Article 1824. All partners are liable solidarily with the partnership for everything
chargeable to the partnership under Articles 1822 and 1823.

In essence, these provisions articulate that it is the act of a partner which caused loss or
injury to a third person that makes all other partners solidarily liable with the partnership
because of the words "any wrongful act or omission of any partner acting in the ordinary
course of the business," "one partner acting within the scope of his apparent
authority" and "misapplied by any partner while it is in the custody of the
partnership." The obligation is solidary because the law protects the third person, who in
good faith relied upon the authority of a partner, whether such authority is real or apparent.

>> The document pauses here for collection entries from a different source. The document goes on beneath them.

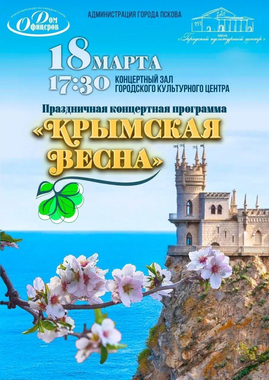Сегодня вся страна отмечает 12 годовщину воссоединения Крыма с Россией. В честь этого знаменательного дня в Городском культурном центре пройдёт концерт «Крымская весна».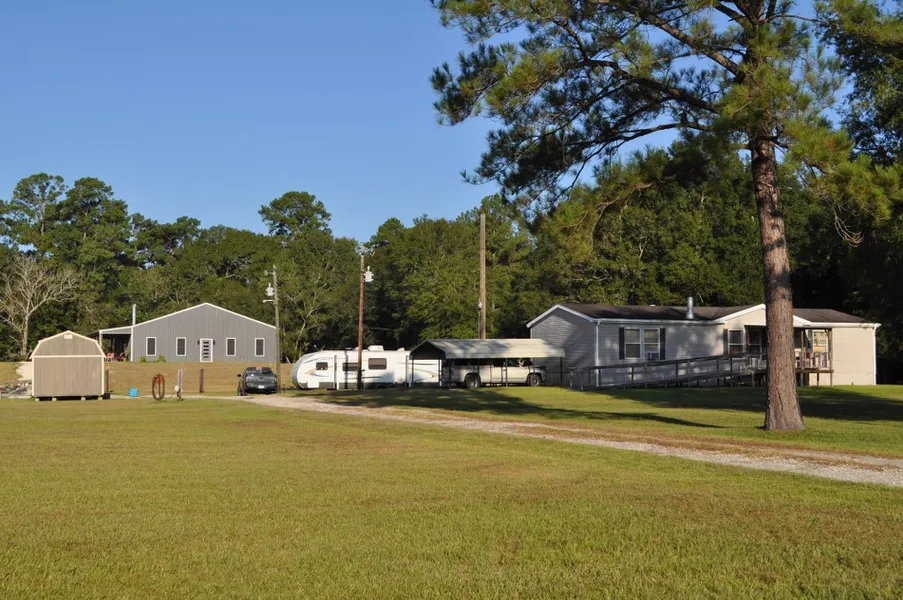 Large 2 bedroom, 2.5 bath shop house on highly elevated house pad located on over 8 beautiful acres with a large pond, inviting you to relax and enjoy the surrounding wildlife. Kitchen and one bath are not completely finished, allowing you to add your personal touch. Additional trim work needed in some rooms. Cook top, oven, and refrigerator remain without warranty. Very spacious living room and bedrooms. Each bedroom has its own full bath including free standing soaking tubs and unique vanity. Visitors have access to a separate half bath. Living room has an attractive wood burning fireplace. In addition to the shop house, there is a 3 bedroom/2 bath double wide mobile home that remains with the sale of the property. Lot size: 658x612x657x612 less 20x20 corner. MLS#183061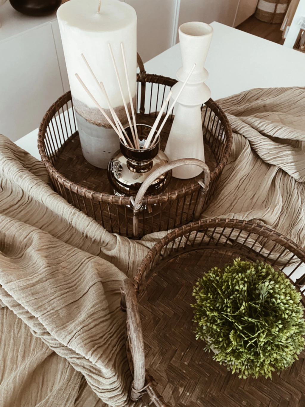 Bandeja redonda de madera y fibras naturales con manijasDisponible en dos medidas:31 cm de diametro x 11 cm de alto25 cm de diametro x 8 cm de alto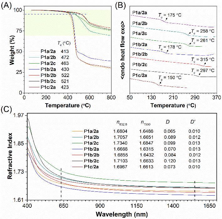 (2)所获得的新型含氮芳杂族聚合物具有优异的热稳定性和形貌稳定性、良好的溶解性、高折射率和低色散性能,,使其有潜力作为新型耐高温光学涂层用于先进光学器件的制备当中。在失重5% (Td)时,这些聚合物的热分解温度值可达到最高可达522 ℃ ,并且在高达800℃时依然可以保持70%以上的含碳量,玻璃化转变温度最高可达315℃(图2)。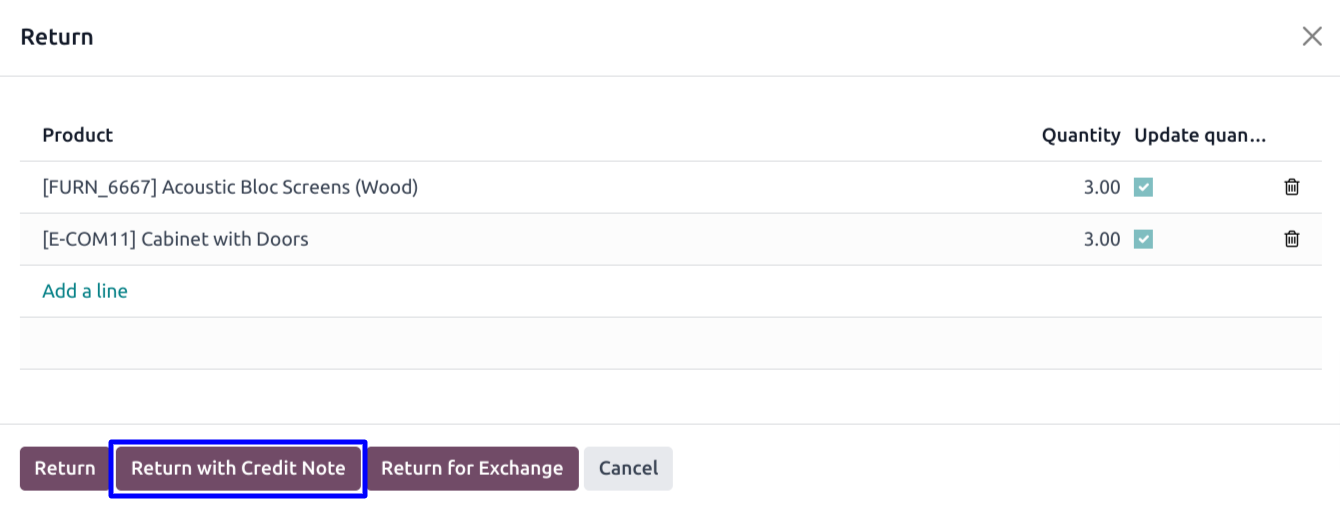 Return with Credit Note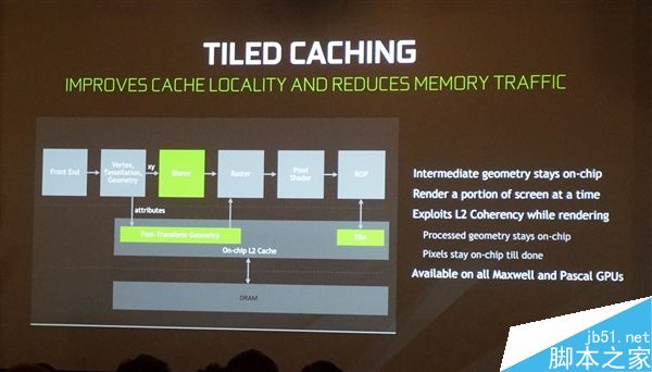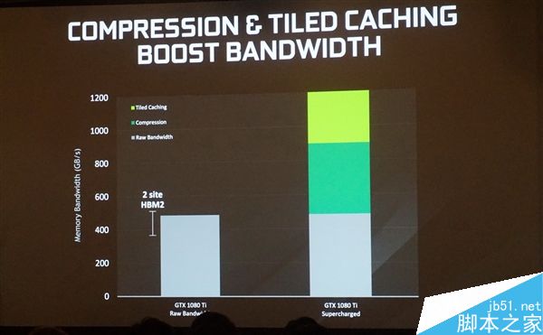另外,GTX 1080 Ti還支持平鋪緩存(Tiled Cache),進一步提升渲染效率和顯存性能,降低顯存通信浪費,再加上顯存壓縮,有效帶寬號稱可以高達恐怖的1200GB/s。

In the case at bench, it was not shown that Guy or the other partners did a wrongful act or
misapplied the money or property he or the partnership received from Gacott. A third person
who transacted with said partnership can hold the partners solidarily liable for the whole
obligation if the case of the third person falls under Articles 1822 or 1823. Gacott’s
claim stemmed from the alleged defective transreceivers he bought from QSC, through the
latter's employee, Medestomas. It was for a breach of warranty in a contractual obligation
entered into in the name and for the account of QSC, not due to the acts of any of the
partners. For said reason, it is the general rule under Article 1816 that governs the joint
liability of such breach, and not the exceptions under Articles 1822 to 1824. Thus, it was
improper to hold Guy solidarily liable for the obligation of the partnership.

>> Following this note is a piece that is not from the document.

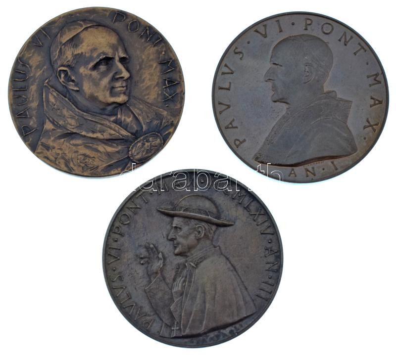 Vatikán 1963-1972. "VI. Pál pápa" 3xklf bronz emlékérem T:AU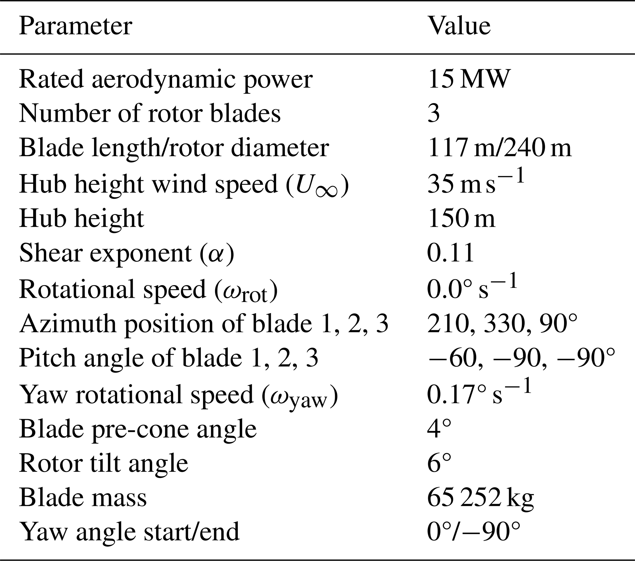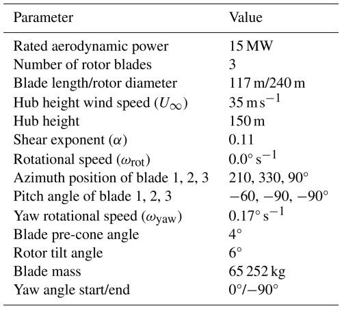 Table 2Overview of the main rotor characteristics of the IEA 15 MW reference turbine and the investigated conditions.

Section 21 of the Corporation Code, as invoked by the RTC, cannot be applied to sustain
Guy's liability. The said provision states that a general partner shall be liable for all debts,
liabilities and damages incurred by an ostensible corporation. It must be read, however, in
conjunction with Article 1816 of the Civil Code, which governs the liabilities of partners
against third persons. Accordingly, whether QSC was an alleged ostensible corporation or a
duly registered partnership, the liability of Guy, if any, would remain to be joint and
subsidiary because, as previously stated, all partners shall be liable pro rata with all their
property and after all the partnership assets have been exhausted for the contracts which
may be entered into in the name and for the account of the partnership.